**TASK DIRECTIONS:**
Each entry should be returned exactly as written, with no pictures carried over.

EXERCISE MATERIALS Start Marker

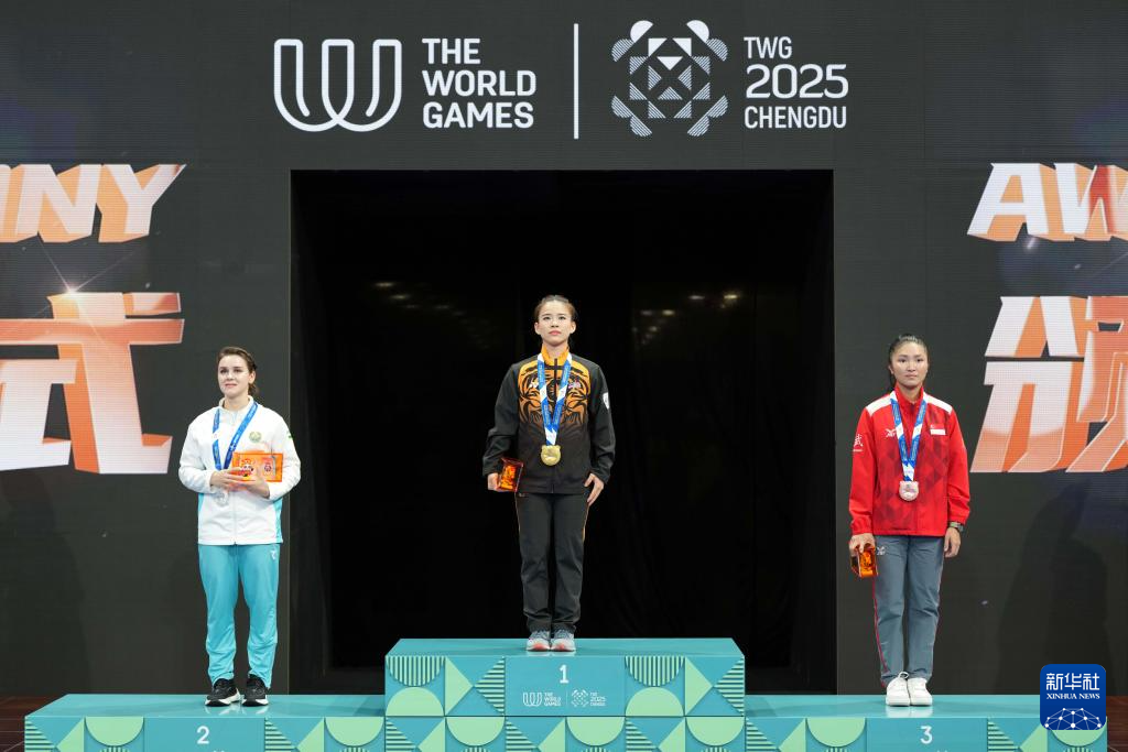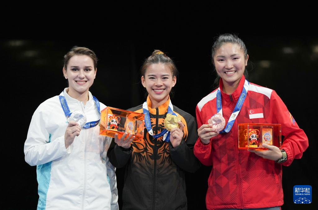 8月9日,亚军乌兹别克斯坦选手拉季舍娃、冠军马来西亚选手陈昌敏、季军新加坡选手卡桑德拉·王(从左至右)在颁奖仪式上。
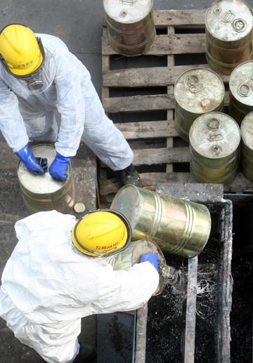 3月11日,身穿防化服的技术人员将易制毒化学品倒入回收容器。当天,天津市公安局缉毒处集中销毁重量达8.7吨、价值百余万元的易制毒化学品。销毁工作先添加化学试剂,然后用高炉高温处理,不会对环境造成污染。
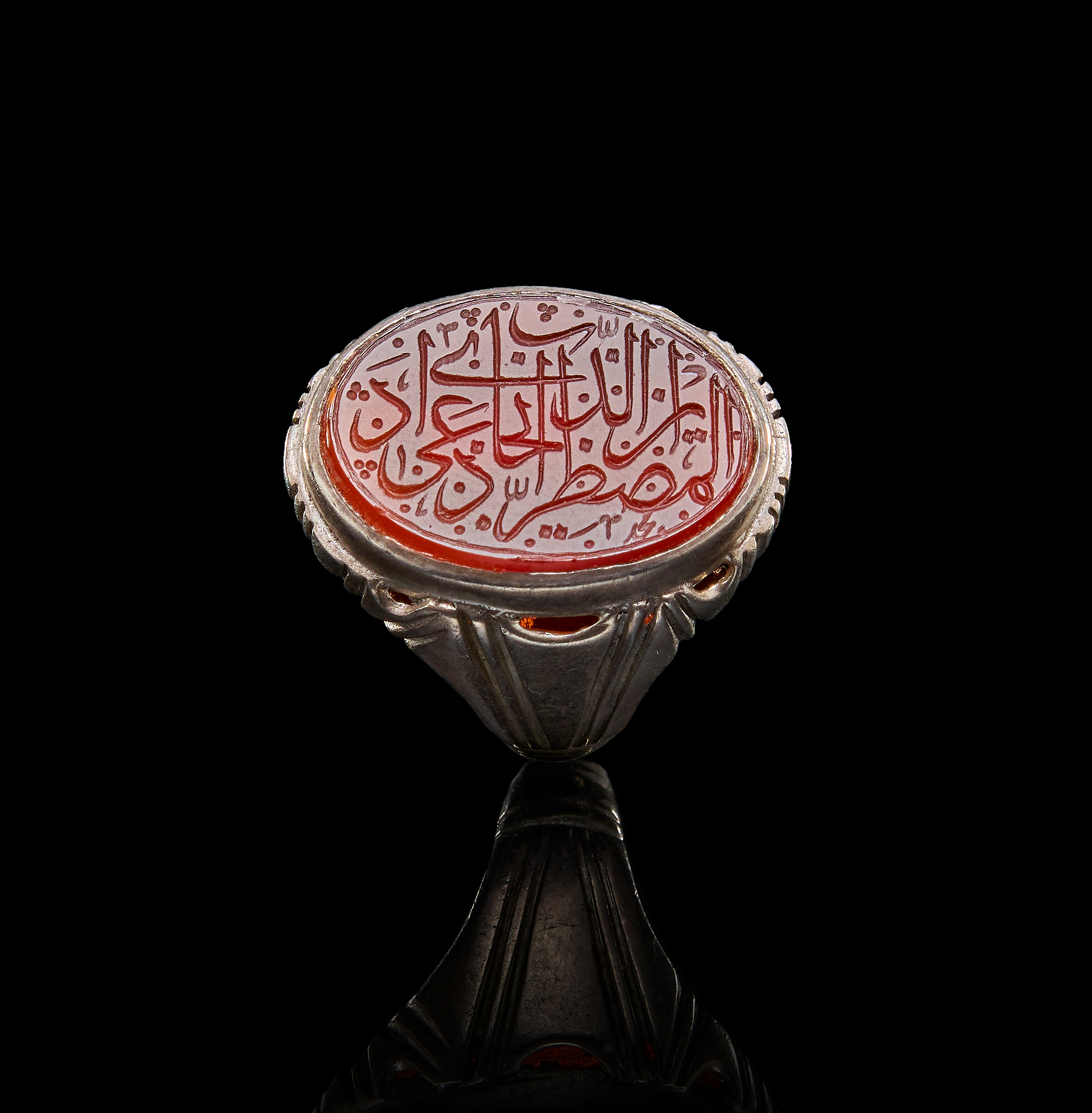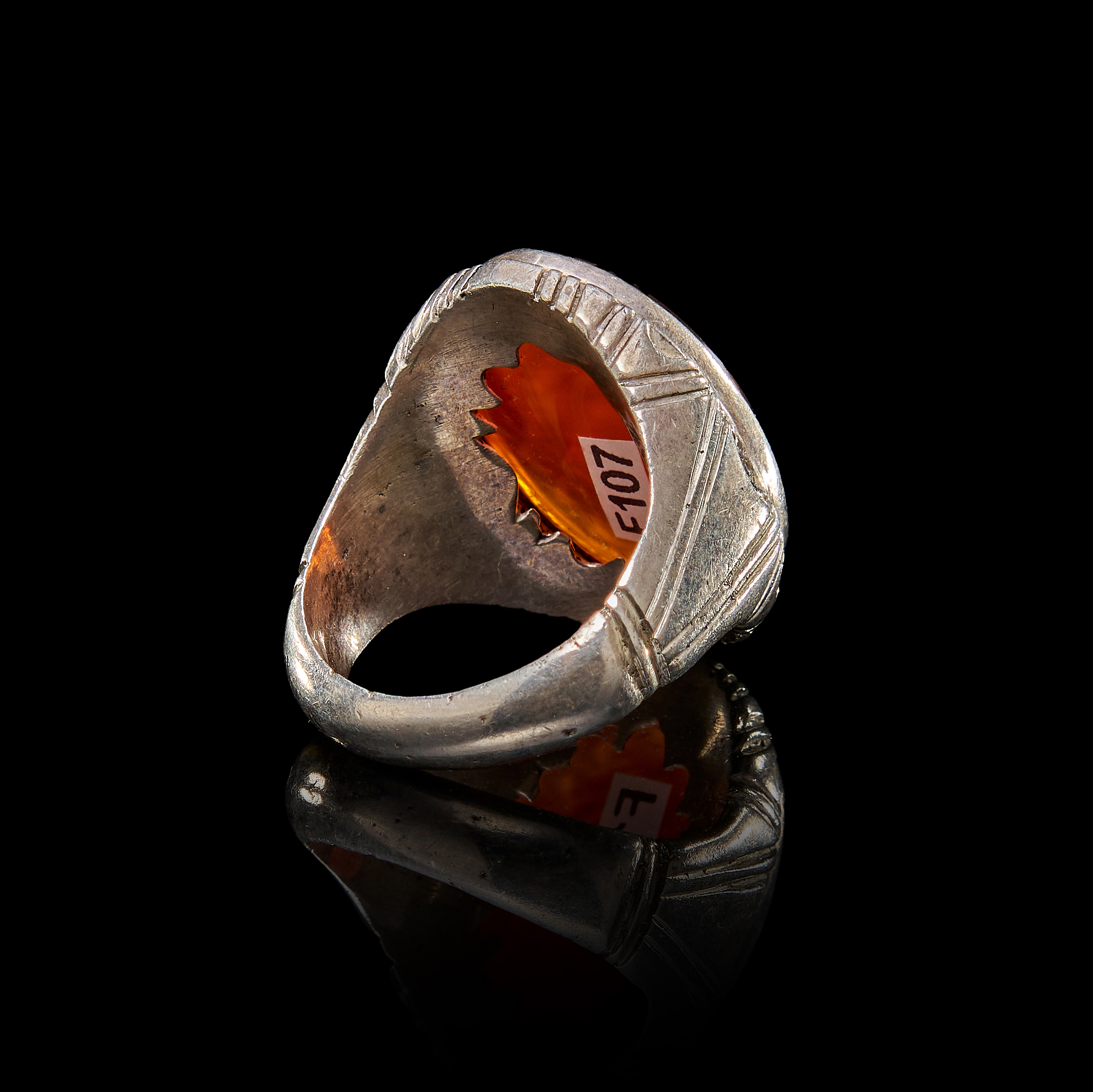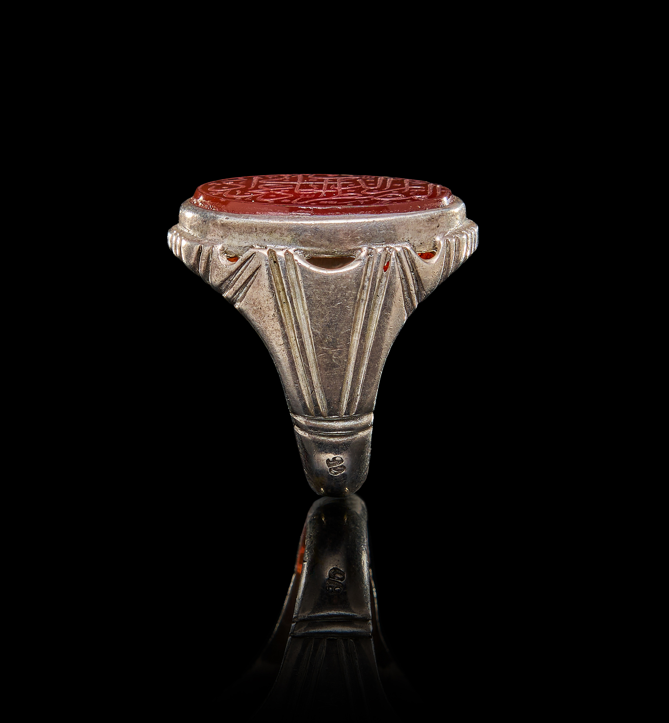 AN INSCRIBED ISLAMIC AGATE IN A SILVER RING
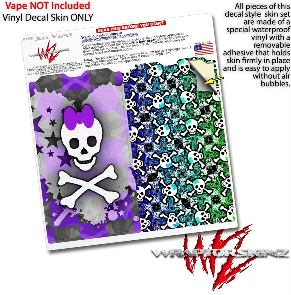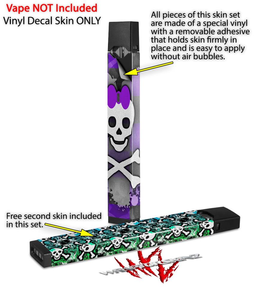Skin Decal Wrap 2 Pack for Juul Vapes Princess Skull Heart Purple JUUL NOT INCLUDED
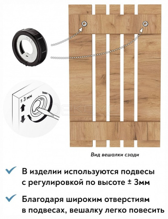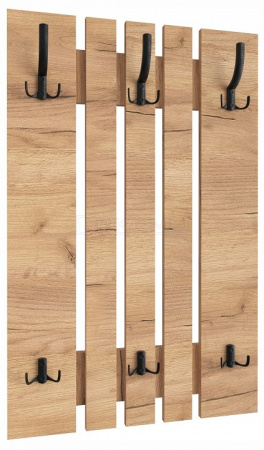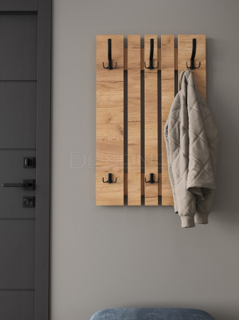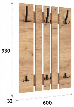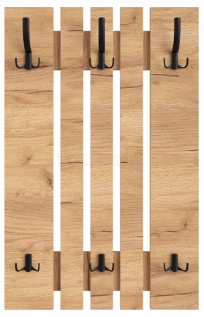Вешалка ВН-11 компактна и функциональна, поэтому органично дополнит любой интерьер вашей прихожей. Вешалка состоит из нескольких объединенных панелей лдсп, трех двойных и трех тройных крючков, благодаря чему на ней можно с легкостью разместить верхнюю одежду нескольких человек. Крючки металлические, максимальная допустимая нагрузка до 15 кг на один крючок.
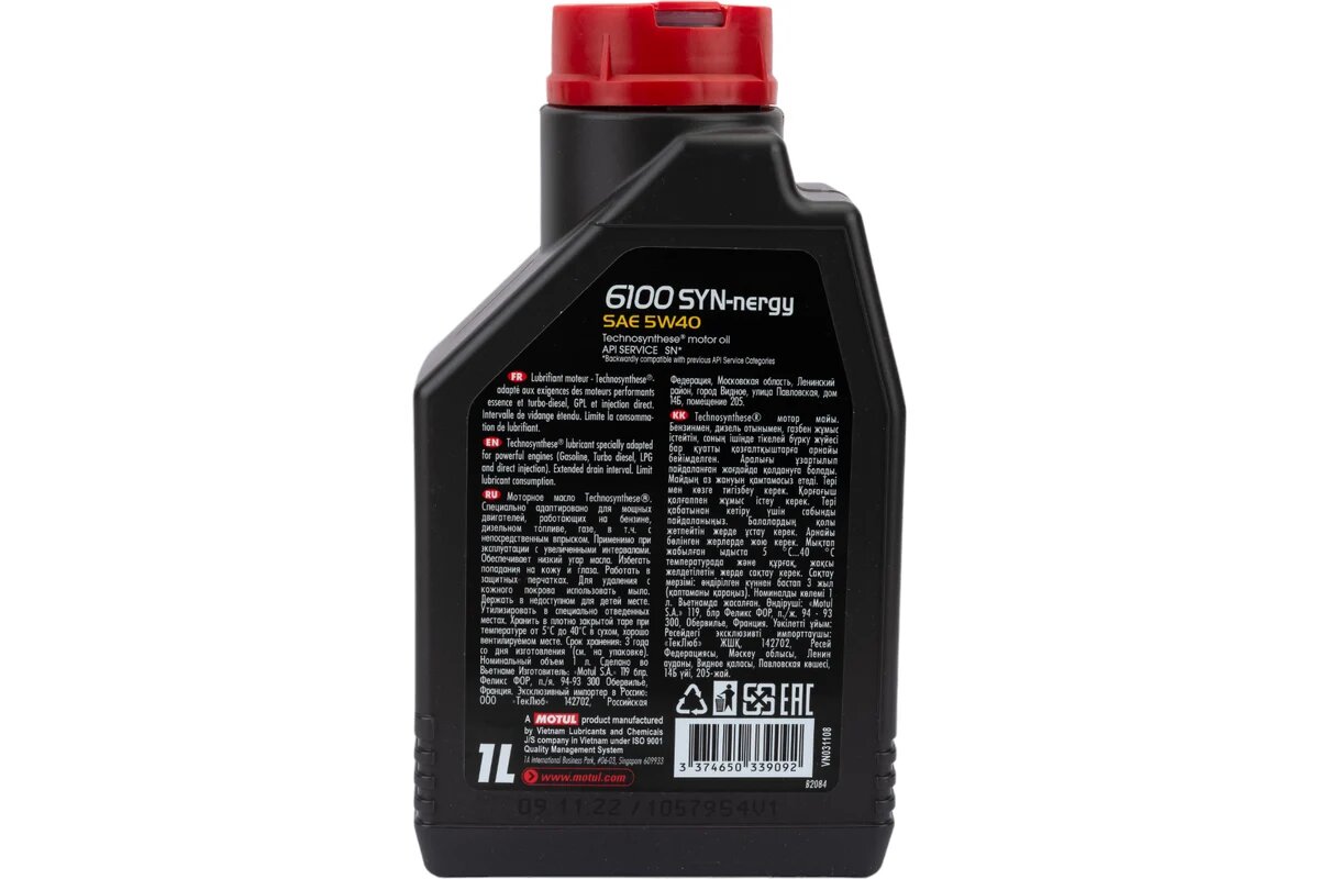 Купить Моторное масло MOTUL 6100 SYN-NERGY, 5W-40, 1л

EXERCISE MATERIALS End Marker

**OUTPUT BELOW:**
 8月9日,亚军乌兹别克斯坦选手拉季舍娃、冠军马来西亚选手陈昌敏、季军新加坡选手卡桑德拉·王(从左至右)在颁奖仪式上。
 3月11日,身穿防化服的技术人员将易制毒化学品倒入回收容器。当天,天津市公安局缉毒处集中销毁重量达8.7吨、价值百余万元的易制毒化学品。销毁工作先添加化学试剂,然后用高炉高温处理,不会对环境造成污染。
 AN INSCRIBED ISLAMIC AGATE IN A SILVER RING
Skin Decal Wrap 2 Pack for Juul Vapes Princess Skull Heart Purple JUUL NOT INCLUDED
Вешалка ВН-11 компактна и функциональна, поэтому органично дополнит любой интерьер вашей прихожей. Вешалка состоит из нескольких объединенных панелей лдсп, трех двойных и трех тройных крючков, благодаря чему на ней можно с легкостью разместить верхнюю одежду нескольких человек. Крючки металлические, максимальная допустимая нагрузка до 15 кг на один крючок.
 Купить Моторное масло MOTUL 6100 SYN-NERGY, 5W-40, 1л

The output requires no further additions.